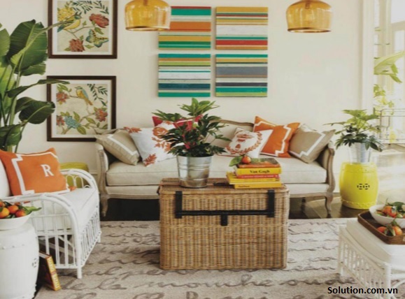 Kết hợp màu thích hợp cho các phòng với nhiều đồ nội thất như lọ hoa, đồ trang trí, gối, thảm, cốc chén, khung ảnh, gia chủ thích sự màu mè, sôi nổi.
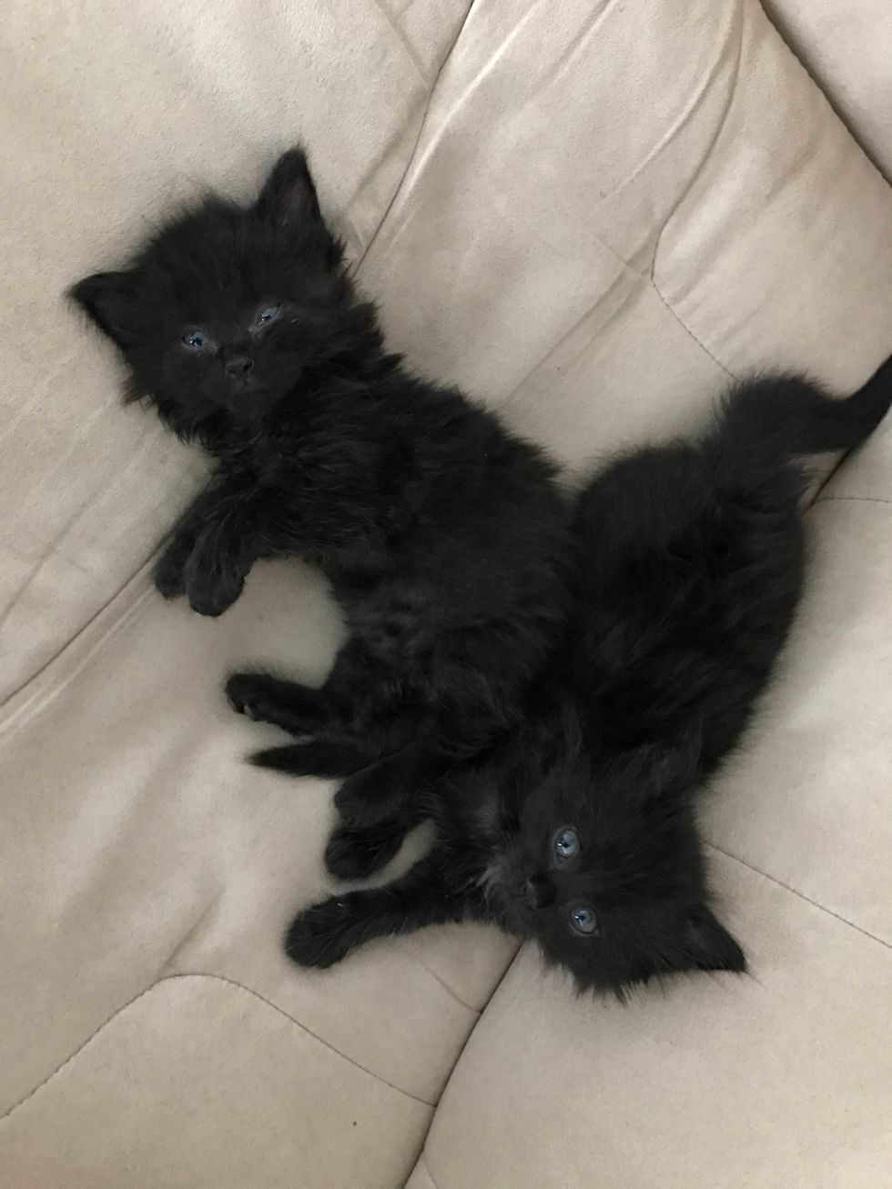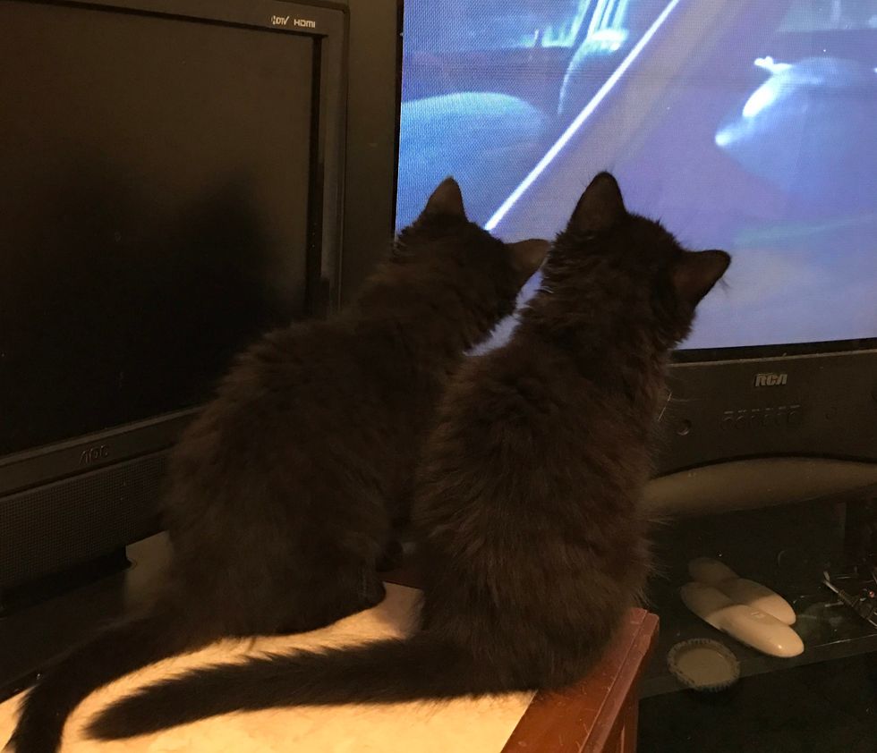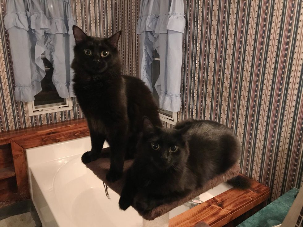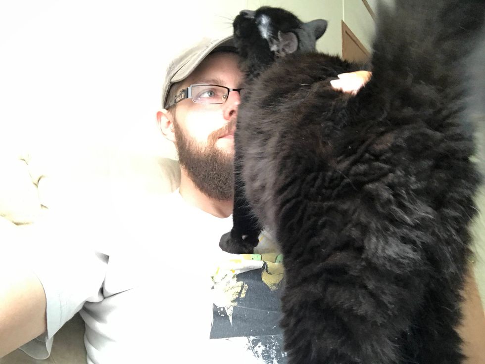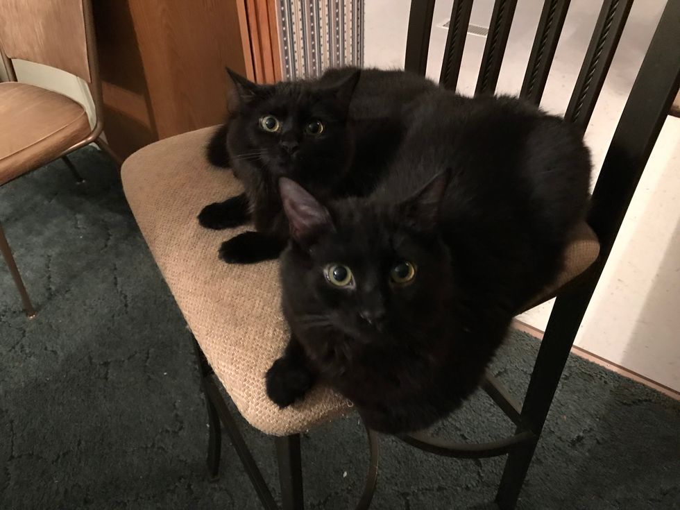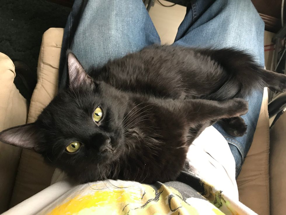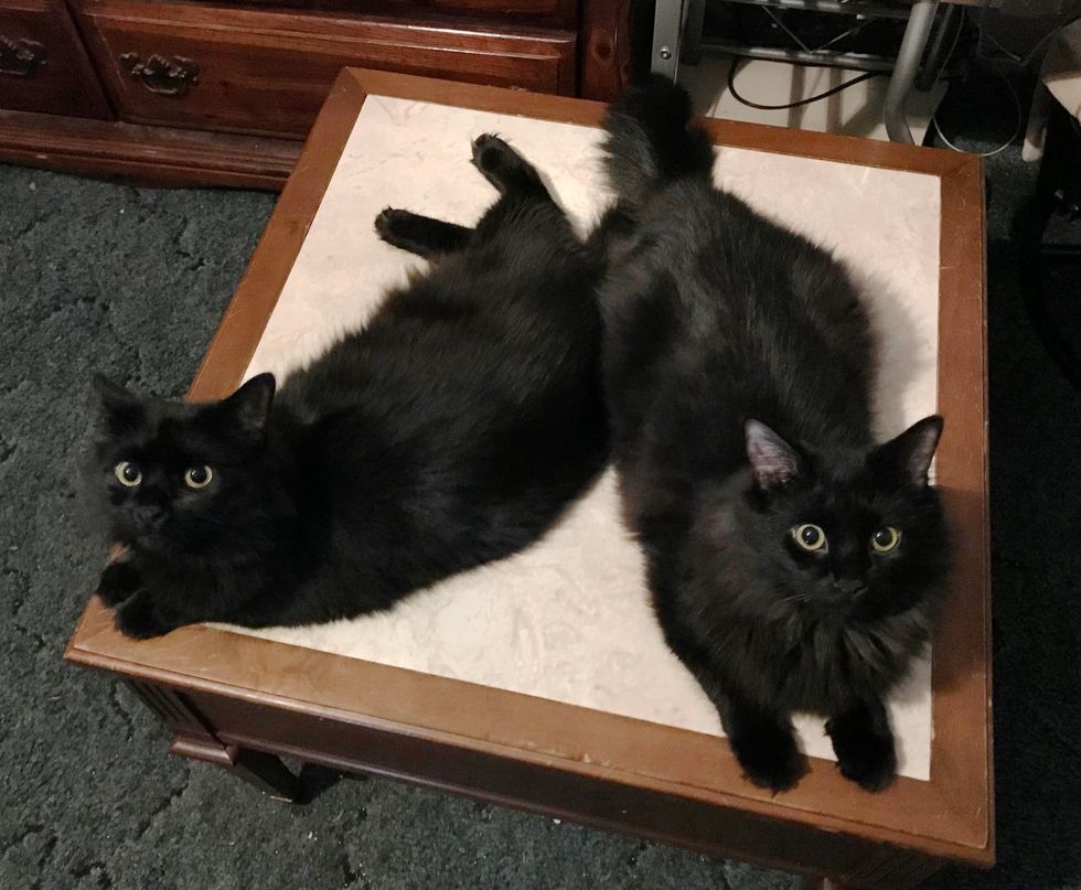 The two "panther" kitties snuggle with their human dad every single night. Whenever he sits at his desk or works from home, they will share his lap and keep him company.
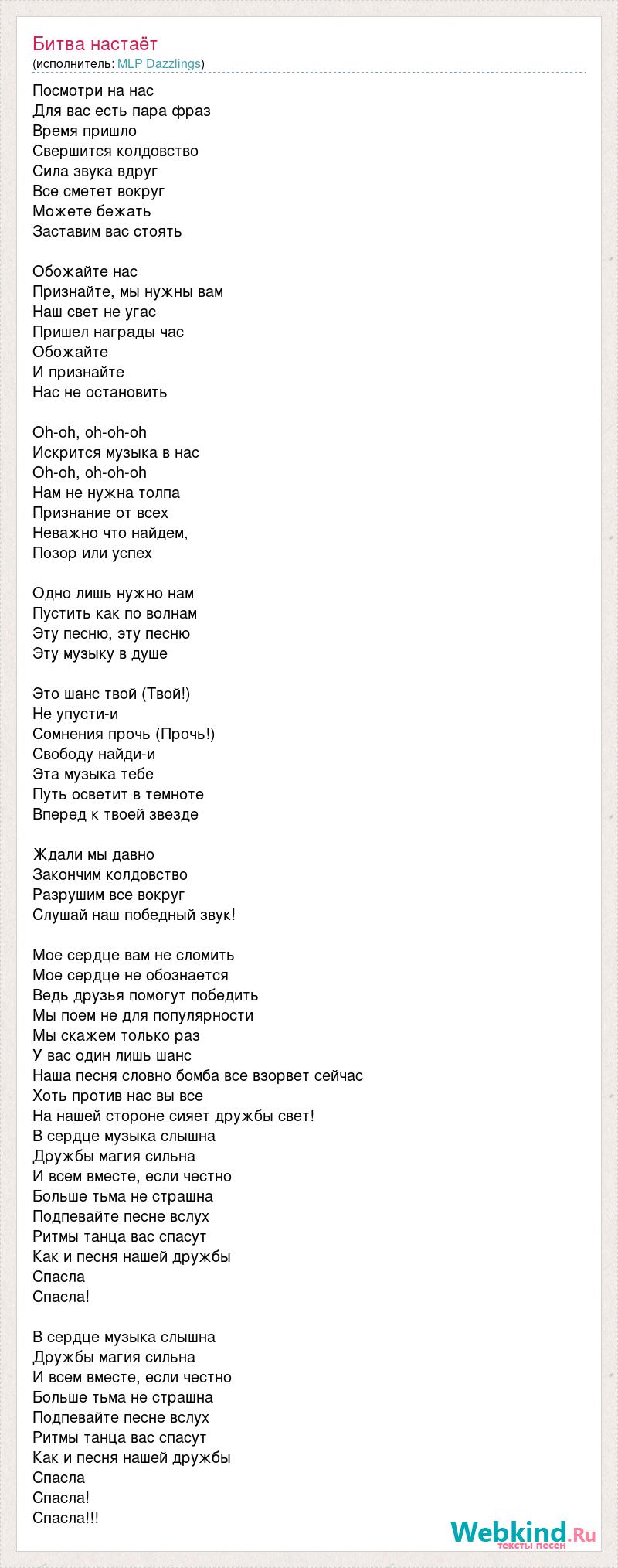 Посмотри на нас Для вас есть пара фраз Время пришло Свершится колдовство Сила звука вдруг Все сметет вокруг Можете бежать Заставим вас стоять Обожайте нас Признайте, мы нужны вам Наш свет не угас Пришел награды час Обожайте И признайте Нас не остановить Oh-oh, oh-oh-oh Искрится музыка в нас Oh-oh, oh-oh-oh Нам не нужна толпа Признание от всех Неважно что найдем, Позор или успех Одно лишь нужно нам Пустить как по волнам Эту песню, эту песню Эту музыку в душе Это шанс твой (Твой!) Не упусти-и Сомнения прочь (Прочь!) Свободу найди-и Эта музыка тебе Путь осветит в темноте Вперед к твоей звезде Ждали мы давно Закончим колдовство Разрушим все вокруг Слушай наш победный звук! Мое сердце вам не сломить Мое сердце не обознается Ведь друзья помогут победить Мы поем не для популярности Мы скажем только раз У вас один лишь шанс Наша песня словно бомба все взорвет сейчас Хоть против нас вы все На нашей стороне сияет дружбы свет! В сердце музыка слышна Дружбы магия сильна И всем вместе, если честно Больше тьма не страшна Подпевайте песне вслух Ритмы танца вас спасут Как и песня нашей дружбы Спасла Спасла! В сердце музыка слышна Дружбы магия сильна И всем вместе, если честно Больше тьма не страшна Подпевайте песне вслух Ритмы танца вас спасут Как и песня нашей дружбы Спасла Спасла! Спасла!!!

• • • • •

Stop at the line containing "keep him company." and include it. Everything from the first line of the material up to there is to be repeated exactly, leaving out pictures.

(Output below):
 Kết hợp màu thích hợp cho các phòng với nhiều đồ nội thất như lọ hoa, đồ trang trí, gối, thảm, cốc chén, khung ảnh, gia chủ thích sự màu mè, sôi nổi.
 The two "panther" kitties snuggle with their human dad every single night. Whenever he sits at his desk or works from home, they will share his lap and keep him company.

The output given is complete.